WHAT THE EXERCISE ASKS: For the entries below, the expected answer is the line with "Lennox KGA180S4BM2Y HVAC", the line with "Adirondack Health Director", and every line between them, exactly as written, and nothing more.

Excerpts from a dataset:
·····
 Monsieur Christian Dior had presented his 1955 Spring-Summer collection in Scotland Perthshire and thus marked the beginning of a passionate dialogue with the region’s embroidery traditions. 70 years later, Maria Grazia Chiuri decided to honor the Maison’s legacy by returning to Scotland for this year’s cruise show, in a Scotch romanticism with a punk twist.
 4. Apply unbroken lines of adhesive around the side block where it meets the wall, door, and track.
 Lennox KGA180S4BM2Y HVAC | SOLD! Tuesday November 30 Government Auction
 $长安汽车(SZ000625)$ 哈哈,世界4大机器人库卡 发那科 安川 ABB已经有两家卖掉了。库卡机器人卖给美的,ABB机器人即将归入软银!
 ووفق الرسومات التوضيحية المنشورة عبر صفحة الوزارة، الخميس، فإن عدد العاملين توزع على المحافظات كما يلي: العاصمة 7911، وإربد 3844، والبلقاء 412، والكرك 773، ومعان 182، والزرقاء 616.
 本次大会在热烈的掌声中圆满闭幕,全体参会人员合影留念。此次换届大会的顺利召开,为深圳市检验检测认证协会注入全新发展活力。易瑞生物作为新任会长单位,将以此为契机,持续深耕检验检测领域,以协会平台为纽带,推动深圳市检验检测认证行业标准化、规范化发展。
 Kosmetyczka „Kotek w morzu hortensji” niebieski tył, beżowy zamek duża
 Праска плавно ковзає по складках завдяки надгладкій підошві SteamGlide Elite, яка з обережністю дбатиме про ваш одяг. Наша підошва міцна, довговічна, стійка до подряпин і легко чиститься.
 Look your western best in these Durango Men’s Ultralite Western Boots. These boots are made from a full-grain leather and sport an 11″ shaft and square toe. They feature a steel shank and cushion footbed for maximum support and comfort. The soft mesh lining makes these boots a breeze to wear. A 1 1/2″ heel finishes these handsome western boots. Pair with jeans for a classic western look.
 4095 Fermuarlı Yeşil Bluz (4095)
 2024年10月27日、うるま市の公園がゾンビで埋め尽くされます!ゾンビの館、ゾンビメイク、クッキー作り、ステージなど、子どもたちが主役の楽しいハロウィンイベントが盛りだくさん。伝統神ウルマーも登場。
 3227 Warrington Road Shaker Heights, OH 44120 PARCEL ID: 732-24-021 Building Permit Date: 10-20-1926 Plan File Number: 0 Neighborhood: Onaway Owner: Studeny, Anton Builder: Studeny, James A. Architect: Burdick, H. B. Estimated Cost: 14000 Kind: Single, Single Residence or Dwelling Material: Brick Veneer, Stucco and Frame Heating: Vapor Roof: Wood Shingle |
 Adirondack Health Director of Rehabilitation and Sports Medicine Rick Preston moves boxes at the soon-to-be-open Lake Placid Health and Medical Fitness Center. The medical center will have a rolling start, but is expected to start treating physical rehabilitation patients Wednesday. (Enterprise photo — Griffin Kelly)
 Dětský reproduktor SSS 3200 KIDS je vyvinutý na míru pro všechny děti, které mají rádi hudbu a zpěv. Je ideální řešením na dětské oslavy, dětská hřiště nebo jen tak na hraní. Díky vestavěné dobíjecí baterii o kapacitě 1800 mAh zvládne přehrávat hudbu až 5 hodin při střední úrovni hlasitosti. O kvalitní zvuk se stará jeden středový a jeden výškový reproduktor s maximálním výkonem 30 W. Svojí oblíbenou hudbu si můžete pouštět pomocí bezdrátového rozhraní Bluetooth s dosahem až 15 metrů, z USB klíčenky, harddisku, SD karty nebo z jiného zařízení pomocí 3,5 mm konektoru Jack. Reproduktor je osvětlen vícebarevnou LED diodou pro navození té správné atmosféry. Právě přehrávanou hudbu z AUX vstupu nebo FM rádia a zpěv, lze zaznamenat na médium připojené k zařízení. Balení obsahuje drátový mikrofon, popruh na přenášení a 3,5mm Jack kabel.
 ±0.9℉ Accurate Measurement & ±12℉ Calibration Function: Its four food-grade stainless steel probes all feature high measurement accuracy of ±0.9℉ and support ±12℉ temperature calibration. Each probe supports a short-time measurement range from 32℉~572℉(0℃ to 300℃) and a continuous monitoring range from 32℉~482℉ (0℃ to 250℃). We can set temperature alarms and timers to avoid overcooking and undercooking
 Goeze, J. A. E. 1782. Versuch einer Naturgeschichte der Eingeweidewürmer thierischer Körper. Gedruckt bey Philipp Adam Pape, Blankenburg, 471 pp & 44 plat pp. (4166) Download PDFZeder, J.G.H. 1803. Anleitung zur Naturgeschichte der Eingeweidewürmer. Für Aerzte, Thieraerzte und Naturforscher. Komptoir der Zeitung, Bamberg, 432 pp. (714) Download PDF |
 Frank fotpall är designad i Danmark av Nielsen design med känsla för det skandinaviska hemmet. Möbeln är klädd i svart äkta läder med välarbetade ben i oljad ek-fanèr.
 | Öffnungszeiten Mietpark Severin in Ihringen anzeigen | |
·····
OUTPUT OF THE TASK:
 Lennox KGA180S4BM2Y HVAC | SOLD! Tuesday November 30 Government Auction
 $长安汽车(SZ000625)$ 哈哈,世界4大机器人库卡 发那科 安川 ABB已经有两家卖掉了。库卡机器人卖给美的,ABB机器人即将归入软银!
 ووفق الرسومات التوضيحية المنشورة عبر صفحة الوزارة، الخميس، فإن عدد العاملين توزع على المحافظات كما يلي: العاصمة 7911، وإربد 3844، والبلقاء 412، والكرك 773، ومعان 182، والزرقاء 616.
 本次大会在热烈的掌声中圆满闭幕,全体参会人员合影留念。此次换届大会的顺利召开,为深圳市检验检测认证协会注入全新发展活力。易瑞生物作为新任会长单位,将以此为契机,持续深耕检验检测领域,以协会平台为纽带,推动深圳市检验检测认证行业标准化、规范化发展。
 Kosmetyczka „Kotek w morzu hortensji” niebieski tył, beżowy zamek duża
 Праска плавно ковзає по складках завдяки надгладкій підошві SteamGlide Elite, яка з обережністю дбатиме про ваш одяг. Наша підошва міцна, довговічна, стійка до подряпин і легко чиститься.
 Look your western best in these Durango Men’s Ultralite Western Boots. These boots are made from a full-grain leather and sport an 11″ shaft and square toe. They feature a steel shank and cushion footbed for maximum support and comfort. The soft mesh lining makes these boots a breeze to wear. A 1 1/2″ heel finishes these handsome western boots. Pair with jeans for a classic western look.
 4095 Fermuarlı Yeşil Bluz (4095)
 2024年10月27日、うるま市の公園がゾンビで埋め尽くされます!ゾンビの館、ゾンビメイク、クッキー作り、ステージなど、子どもたちが主役の楽しいハロウィンイベントが盛りだくさん。伝統神ウルマーも登場。
 3227 Warrington Road Shaker Heights, OH 44120 PARCEL ID: 732-24-021 Building Permit Date: 10-20-1926 Plan File Number: 0 Neighborhood: Onaway Owner: Studeny, Anton Builder: Studeny, James A. Architect: Burdick, H. B. Estimated Cost: 14000 Kind: Single, Single Residence or Dwelling Material: Brick Veneer, Stucco and Frame Heating: Vapor Roof: Wood Shingle |
 Adirondack Health Director of Rehabilitation and Sports Medicine Rick Preston moves boxes at the soon-to-be-open Lake Placid Health and Medical Fitness Center. The medical center will have a rolling start, but is expected to start treating physical rehabilitation patients Wednesday. (Enterprise photo — Griffin Kelly)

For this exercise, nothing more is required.